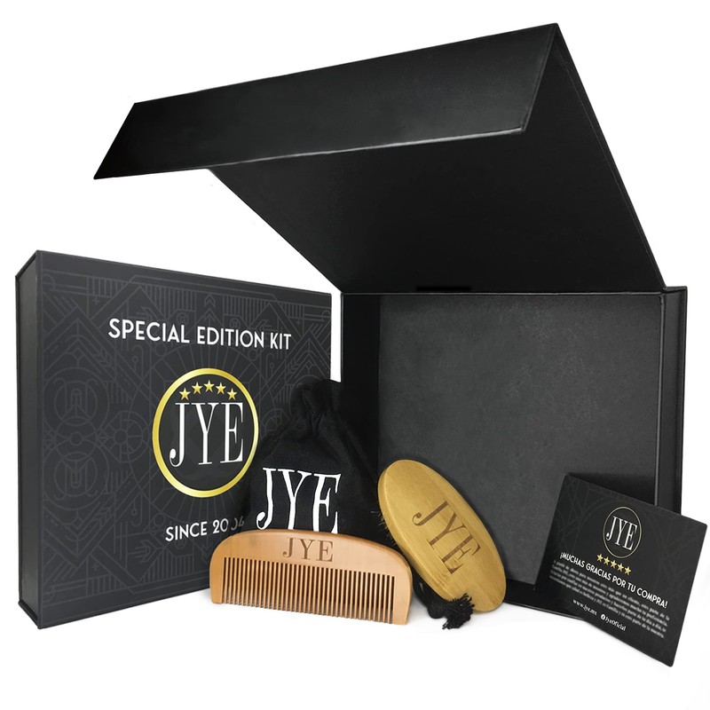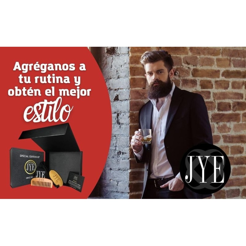 JYE Kit Cuidado de Barba y Bigote: Aceite de Hidratación, Shampoo de Bergamota, Piene y Cepillo Edición Especial
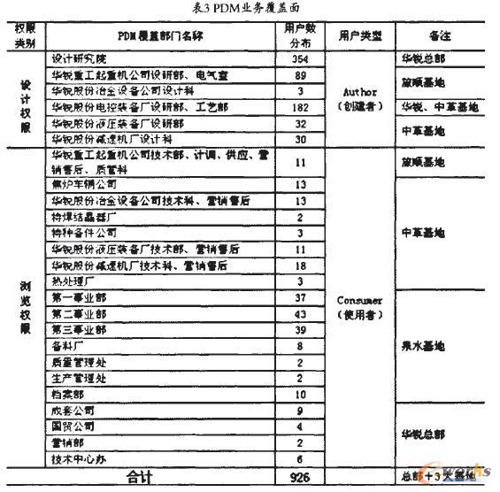 1)PDM業務覆蓋面:PDM業務覆蓋面如表3所示。
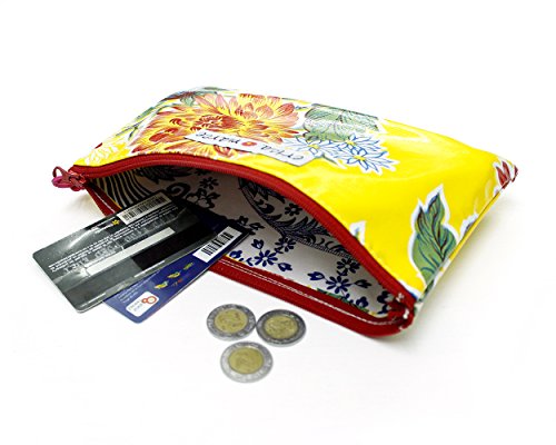 Medium Oilcloth Wallet is the perfect accessory for any of your activities. It can be used as a receipt wallet, a bill wallet, a pencil case, cosmetic case, credit card wallet and anything you can imagine. Measurements: 9″ x 6″ Features a nylon zipper, a leather pull tab and its lined in oilcloth. STYLE Crisantemo Yellow
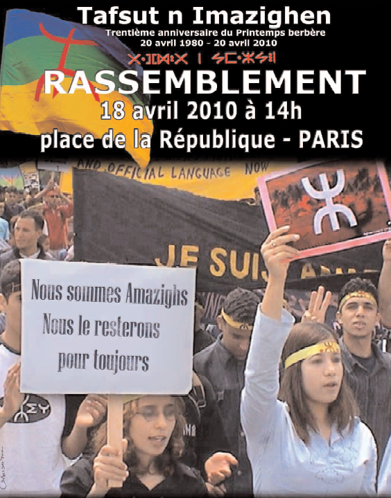 C'est donc tout naturellement que Kevre Breizh soutient ce 30e anniversaire du Printemps berbère et s'associe volontiers au collectif "Tafsut 2010" pour appeler au rassemblement unitaire qui aura lieu samedi 18 avril à 14 heures place de la République à Paris.
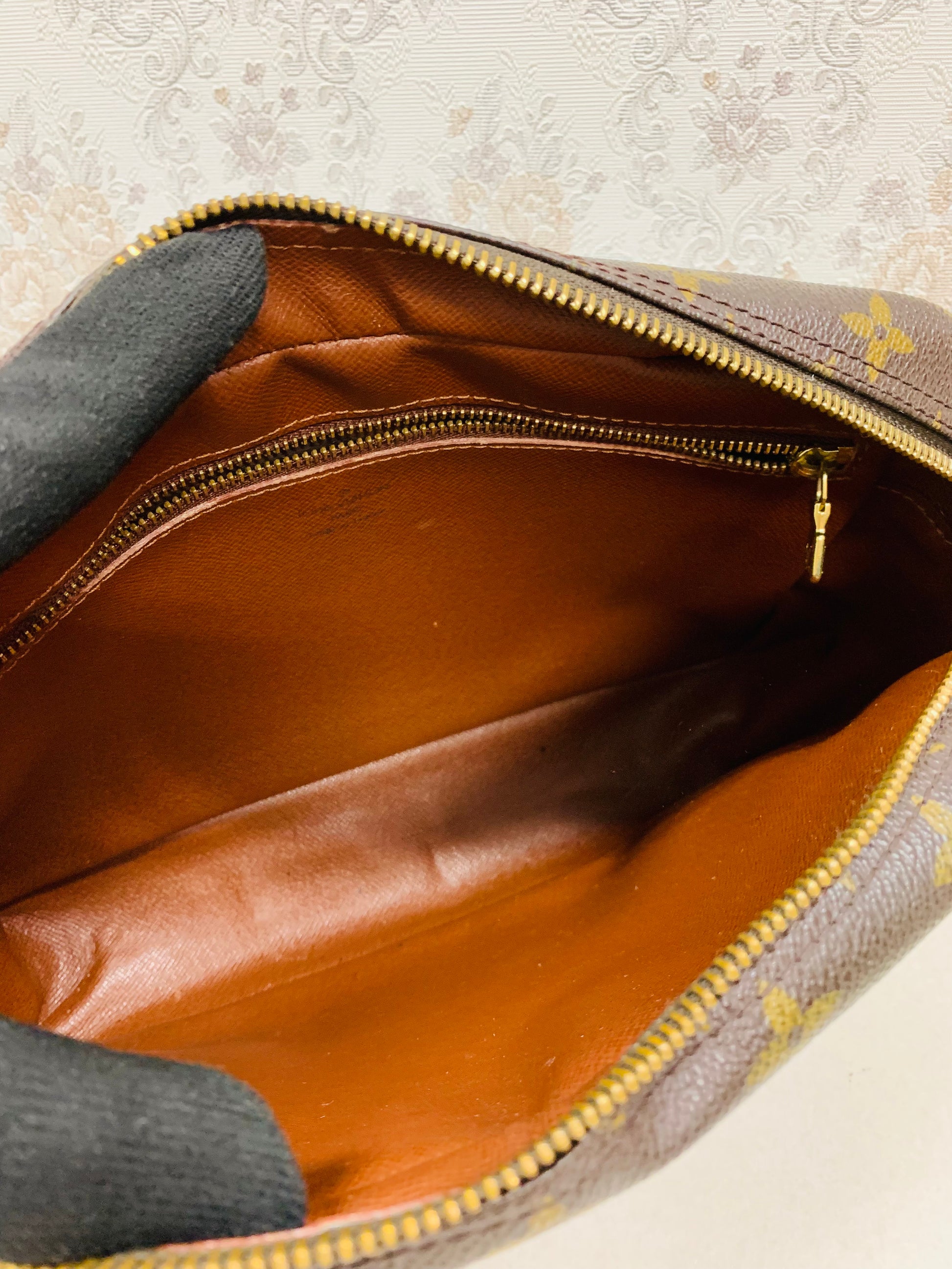 - Interior: Brown cross-grain leather lining (often shows peeling in vintage pieces)
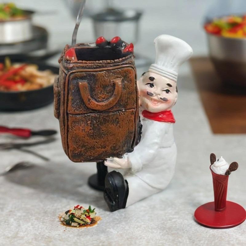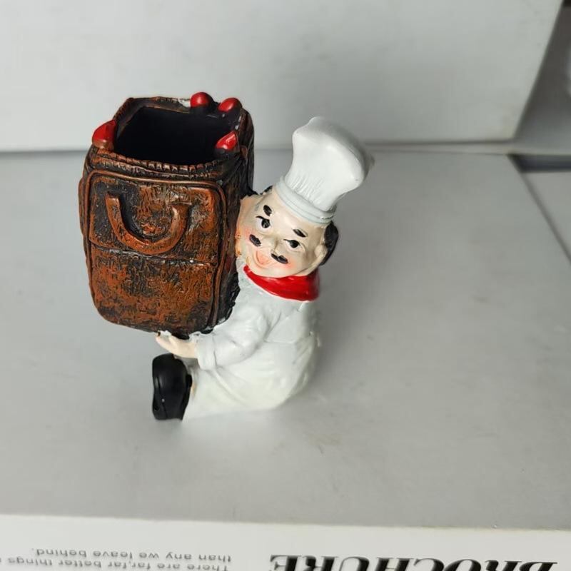 楊枝入れ シェフ コック 置物 オブジェ かわいい おしゃれ 卓上飾り インテリア 欧風 ヨーロピアン 樹脂製 ダイニング 食卓 リビング キッチン ブラウン
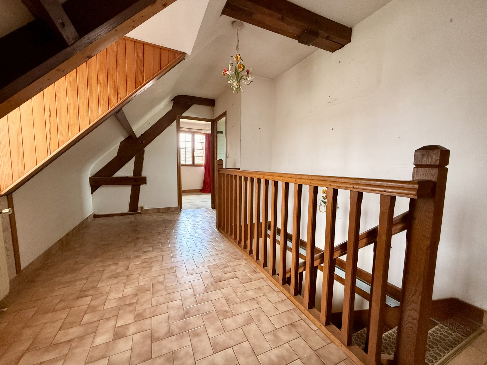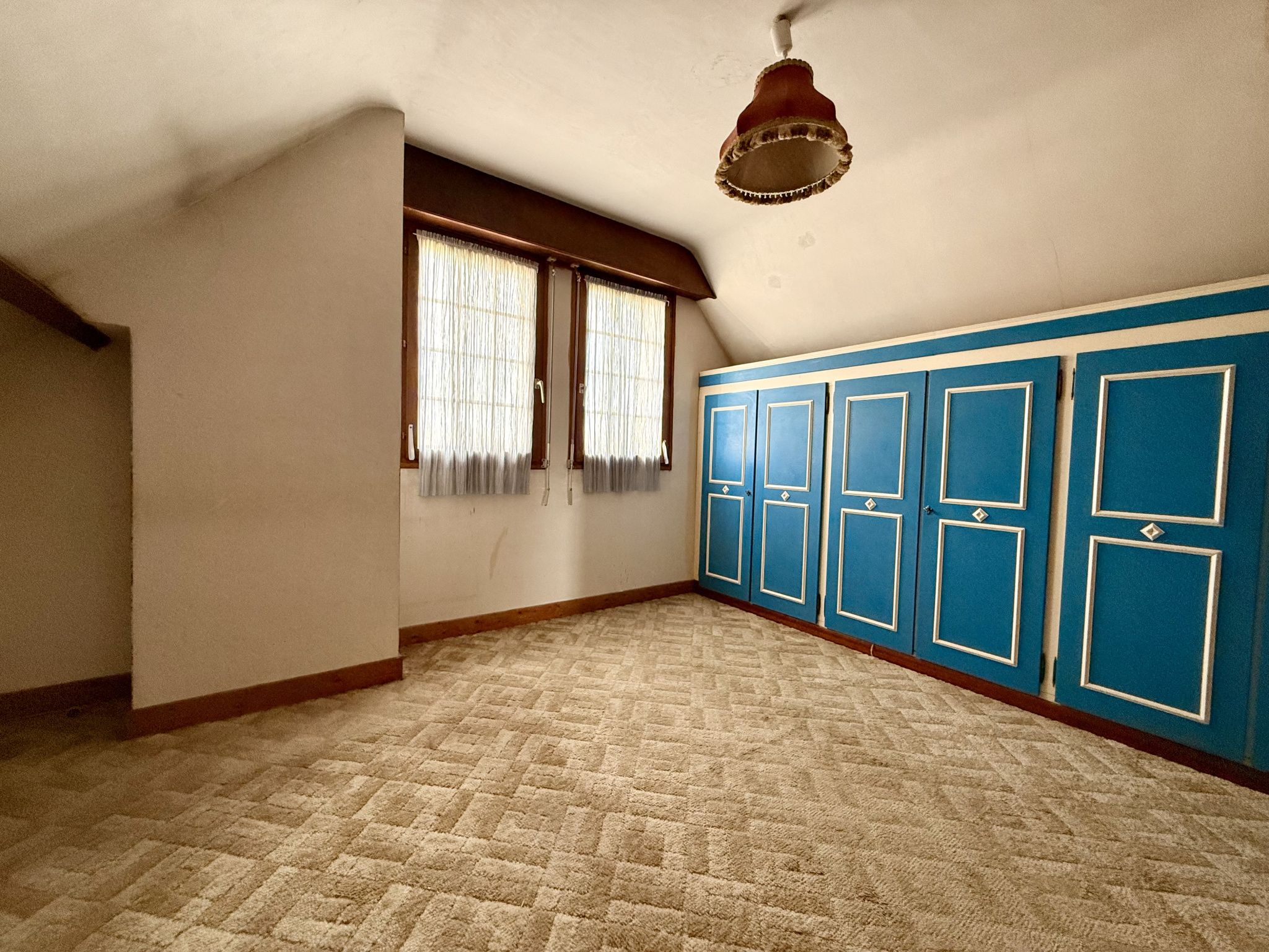 À l’étage, vous trouverez deux chambres d’environ 9 m² et 11 m², toutes deux équipées de placards intégrés, ainsi qu’un espace dressing/rangement indépendant et une salle d’eau.
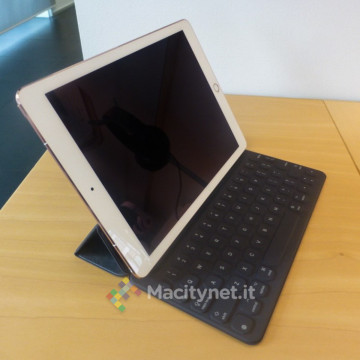 Nell’uso, la precisione della soluzione trovata da Apple per l’iPad Air 9,7 è notevole e funzionale: i tasti sono precisi e, nonostante il meccanismo e la breve corsa, rispondono come devono molto bene. Stancano poco le dita e, se si prende l’abitudine a scrivere senza guardare, funzionano più o meno come funzionerebbe una tastiera tradizionale. Unico vero inceppo, il maledetto tasto Invio che “sballa” un po’ tutto il quadrante dell’anulare e mignolo della mano destra.
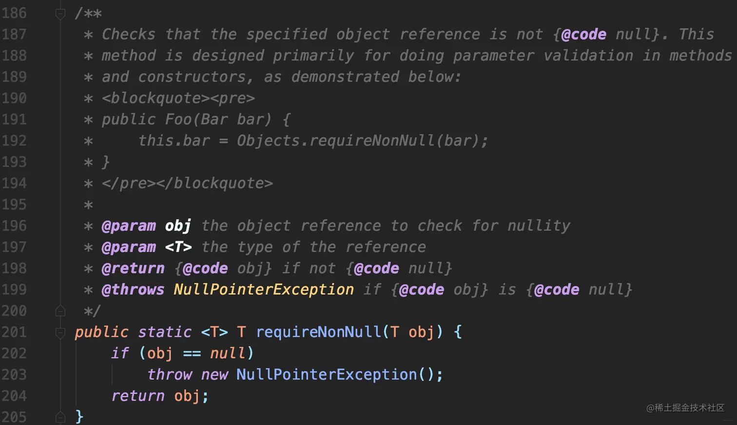 也可以忽略返回值并使用 Objects.requireNonNull 作为一个独立判空方法。
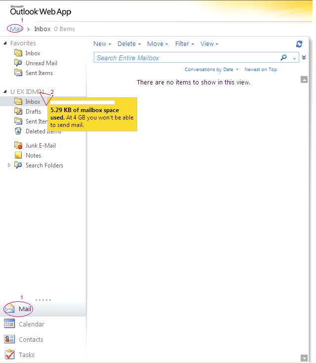 By default you are in Mail view after logged in (the word "Mail" displayed in top left corner). If it not, click Mail on the navigation bar which is located at the lower left of the window.
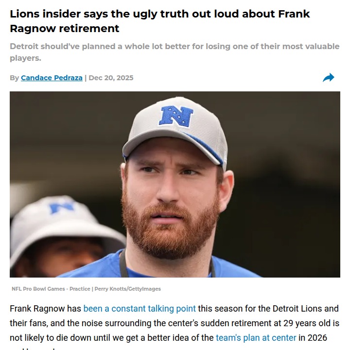 Christopher Hughes+FollowDetroit Lions’ center crisis: What’s next?Losing Frank Ragnow at just 29 has thrown a wrench into the Lions’ plans, and it’s not just about missing a star player. The real issue is how Detroit didn’t have a solid backup plan, even though Ragnow had been hinting at retirement. Now, the team’s once-dominant offensive line is scrambling, and fans are left wondering if the front office dropped the ball. With Taylor Decker also making retirement noises, are we looking at a bigger problem for the Lions’ future? How do you feel about the team’s approach to succession planning? #Sports #Football #DetroitLions02Share
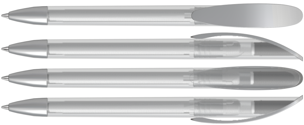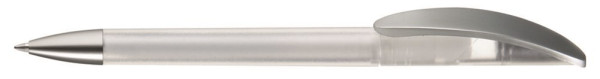 Drehkugelschreiber mit transparent gefrostetem oder gedeckt mattem Gehäuse, Bogenclip silber matt und schwerer Metallspitze matt verchromt.
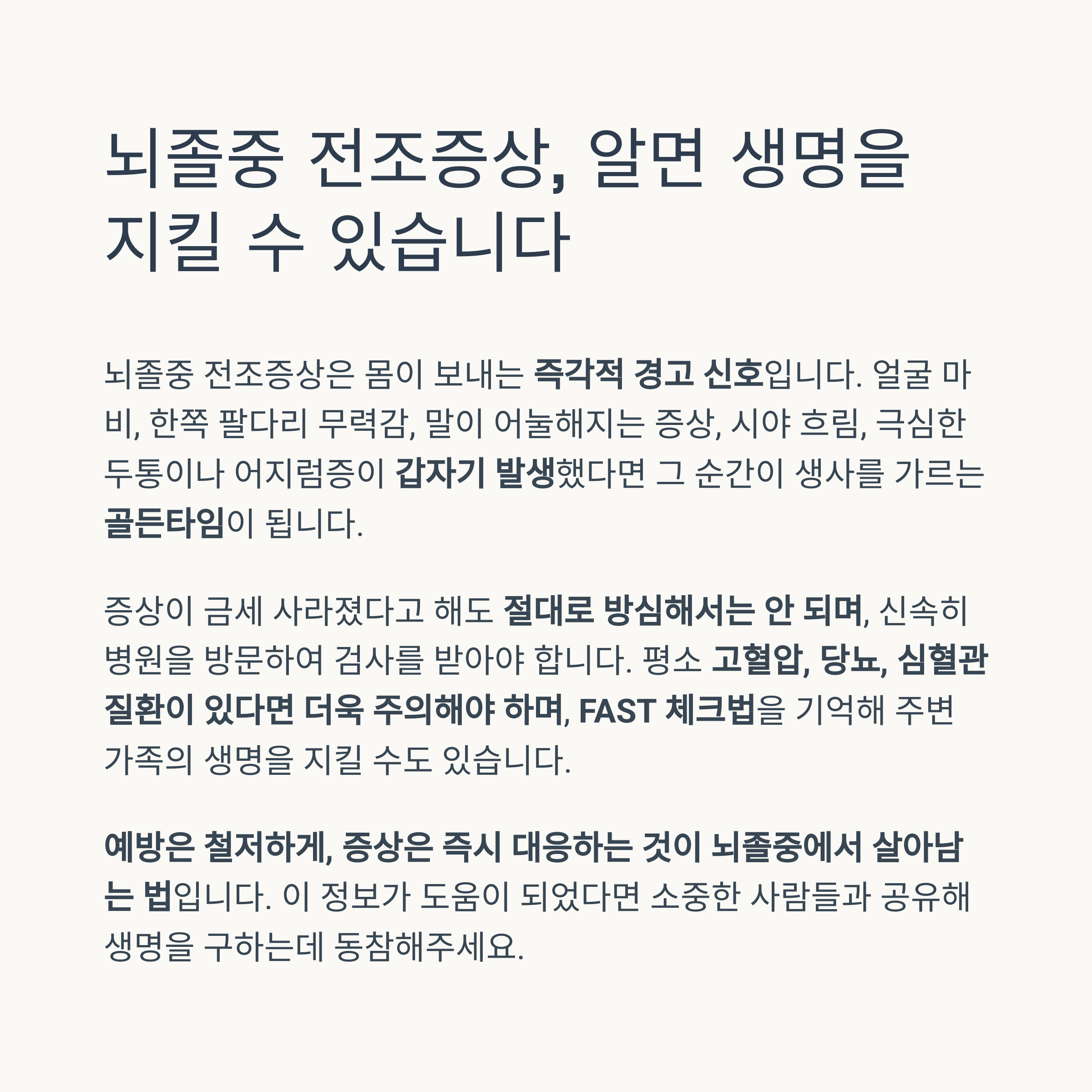 뇌졸중 전조증상은 몸이 보내는 즉각적 경고 신호입니다
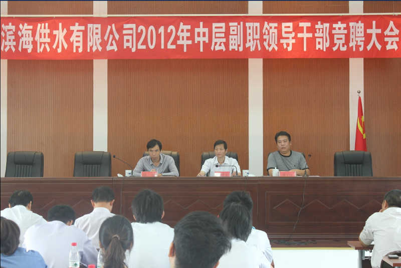 10月9日上午,滨海供水公司在新会议室召开2012年中层副职领导干部竞聘大会,公开选拔办公室、企管部、运行部、工程部、营销部的9个副职岗位。公司中层以上领导干部、职工代表共62人参加会议。此次竞聘,坚持“择优录用、德才兼备、注重实绩”原则,通过公开报名、资格审查,13名候选人在会上作竞聘演讲。经现场民主测评、领导表决等环节的角逐,最终8名工作表现突出、群众基础好的优秀人才脱颖而出。此次竞聘,促进了干部之间的相互交流、学习,同时也使公司更加全面地了解了干部队伍的优缺点,为公司进一步选拔人才提供了参考。
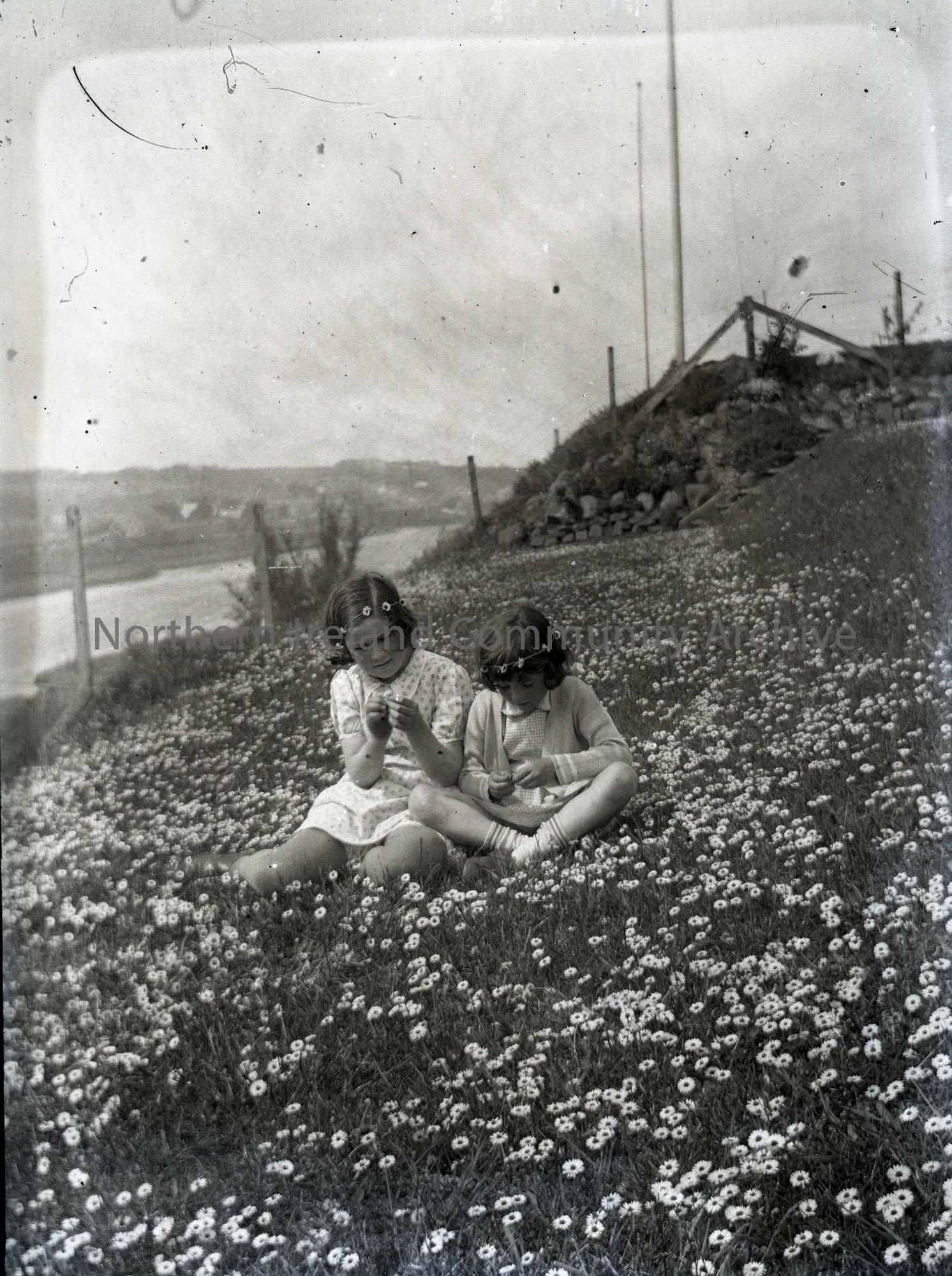 Glass slide negative of a black and white photographic image. Features two young girls sitting in a garden of daisies with daisy chain garlands on their heads. Sam's daughter, Olive, on left side?
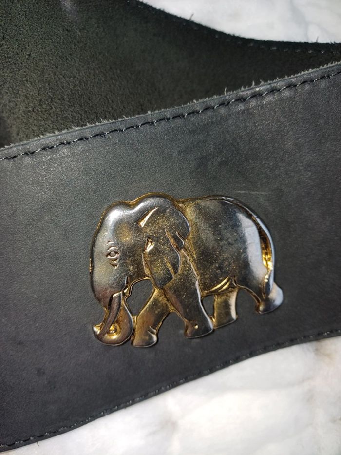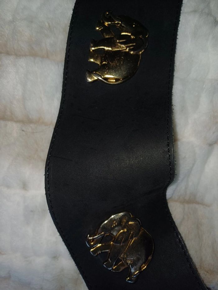 En très bon état Ceinture en croûte de cuir. Motif éléphants Fabrication française 90 cm à 95 cm #virginiemusquinaccessoires

(TASK OBJECTIVE)
Output exactly the lines above, from the line with "Drehkugelschreiber mit transparent" to the line with "Glass slide negative", both included; skip the pictures.

(ANSWER SPACE)
 Drehkugelschreiber mit transparent gefrostetem oder gedeckt mattem Gehäuse, Bogenclip silber matt und schwerer Metallspitze matt verchromt.
 뇌졸중 전조증상은 몸이 보내는 즉각적 경고 신호입니다
 10月9日上午,滨海供水公司在新会议室召开2012年中层副职领导干部竞聘大会,公开选拔办公室、企管部、运行部、工程部、营销部的9个副职岗位。公司中层以上领导干部、职工代表共62人参加会议。此次竞聘,坚持“择优录用、德才兼备、注重实绩”原则,通过公开报名、资格审查,13名候选人在会上作竞聘演讲。经现场民主测评、领导表决等环节的角逐,最终8名工作表现突出、群众基础好的优秀人才脱颖而出。此次竞聘,促进了干部之间的相互交流、学习,同时也使公司更加全面地了解了干部队伍的优缺点,为公司进一步选拔人才提供了参考。
 Glass slide negative of a black and white photographic image. Features two young girls sitting in a garden of daisies with daisy chain garlands on their heads. Sam's daughter, Olive, on left side?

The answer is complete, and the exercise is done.